Tractor beams have made the jump from science fiction to reality in recent years, but only for levitating very small objects. A new breakthrough could lead to futuristic, far out new uses for the technology and open the door to levitating much larger objects, including humans.
Engineers from the University of Bristol have been able to trap (essentially levitate) objects using an acoustic tractor beam that is larger than the wavelengths of sound used by the device.
"Acoustic researchers had been frustrated by the size limit for years, so it's satisfying to find a way to overcome it. I think it opens the door to many new applications," Asier Marzo from Bristol's Department of Mechanical Engineering, said in a release. Marzo is lead author on a paper published Monday in the journal Physical Review Letters.
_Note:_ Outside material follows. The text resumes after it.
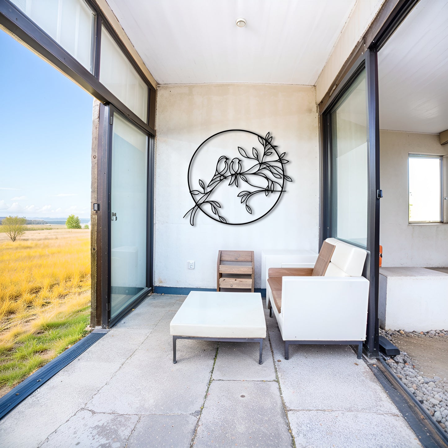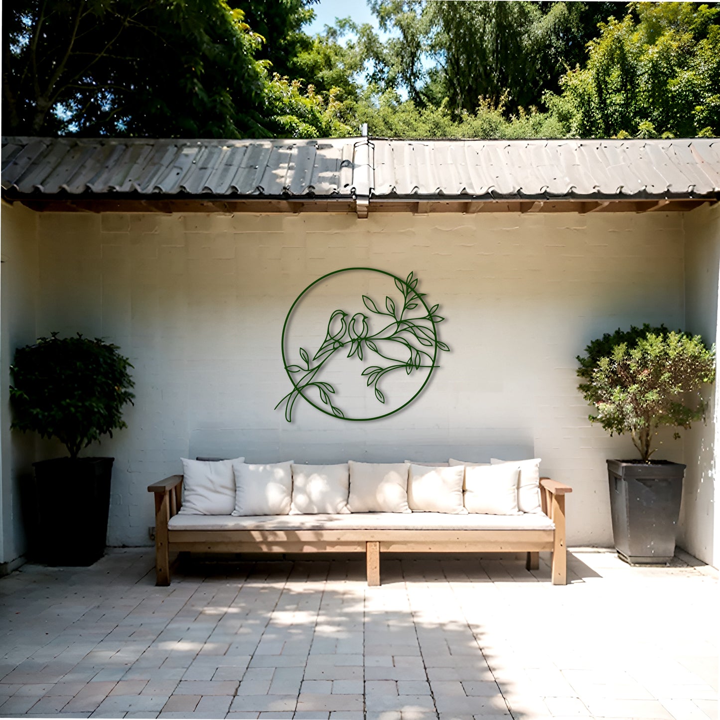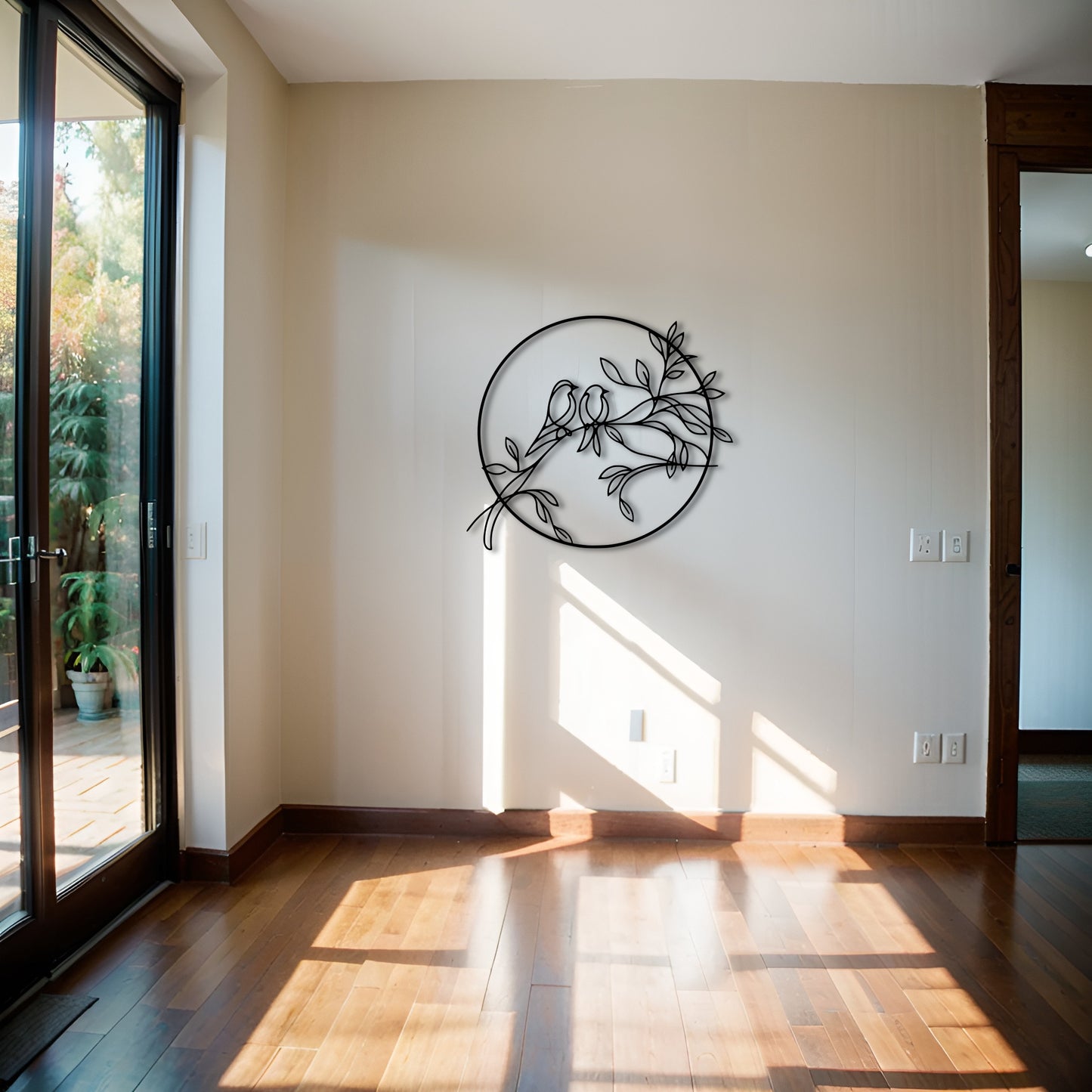 Bring the tranquil beauty of nature into your home with our Handcrafted Metal Bird & Branch Wall Art. Each piece is lovingly crafted by hand, ensuring that you receive a unique piece of art that adds a touch of rustic charm to any room. This wall art features two delicate birds perched on a branch, all enclosed within a graceful circular frame, evoking a serene, picturesque scene that's sure to captivate.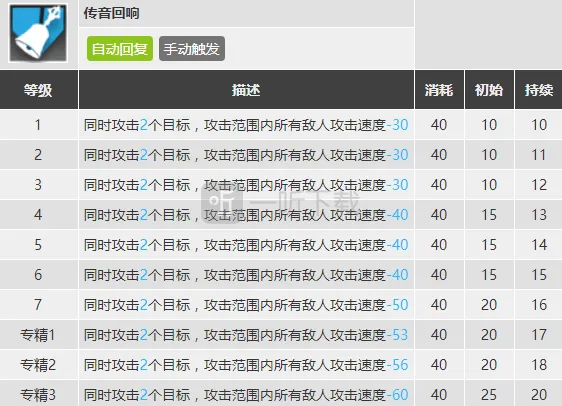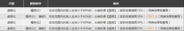 二技能是范围性的大规模减防技能,因为能够一次性降低物理与法术防御的原因,和输出位的爆发技能对齐就能够有很不错的输出效果,并且由于该技能是百分比减伤技能,即便是面对一些双防数值较高的敌人也能够有效削弱敌人的防御。不过也正是因此,二技能面对本身防御就较低的敌人是反而会表现不佳。

Those applications could include touchless control of drug capsules or micro-surgical implements inside the human body using sonic tractor beams. It could also become possible to move and manipulate fragile items in a whole new way.
"I'm particularly excited by the idea of contactless production lines where delicate objects are assembled without touching them," said Bristol's Bruce Drinkwater, who oversaw the work.
The breakthrough comes from using rapidly fluctuating acoustic vortices, which the team describes as similar to "tornadoes of sound, made of a twister-like structure with loud sound surrounding a silent core."
By changing the twisting direction of the vortices, the researchers were able to stabilize the tractor beam and increase the size of the silent core, allowing it to hold larger objects. Using this technique and 40kHz ultrasonic waves (simillar to a pitch that only bats can hear), they were able to levitate a two-centimeter polystyrene sphere, the largest object ever trapped in a real world tractor beam.
Perhaps most impressive is that the research suggests this technique could be scalable all the way up to people proportions.
"In the future, with more acoustic power it will be possible to hold even larger objects," said senior research associate Mihai Caleap. "This was only thought to be possible using lower pitches making the experiment audible and dangerous for humans."
Soon, "floating on air" could go from just a saying to the way we take a nap when there's no bed available.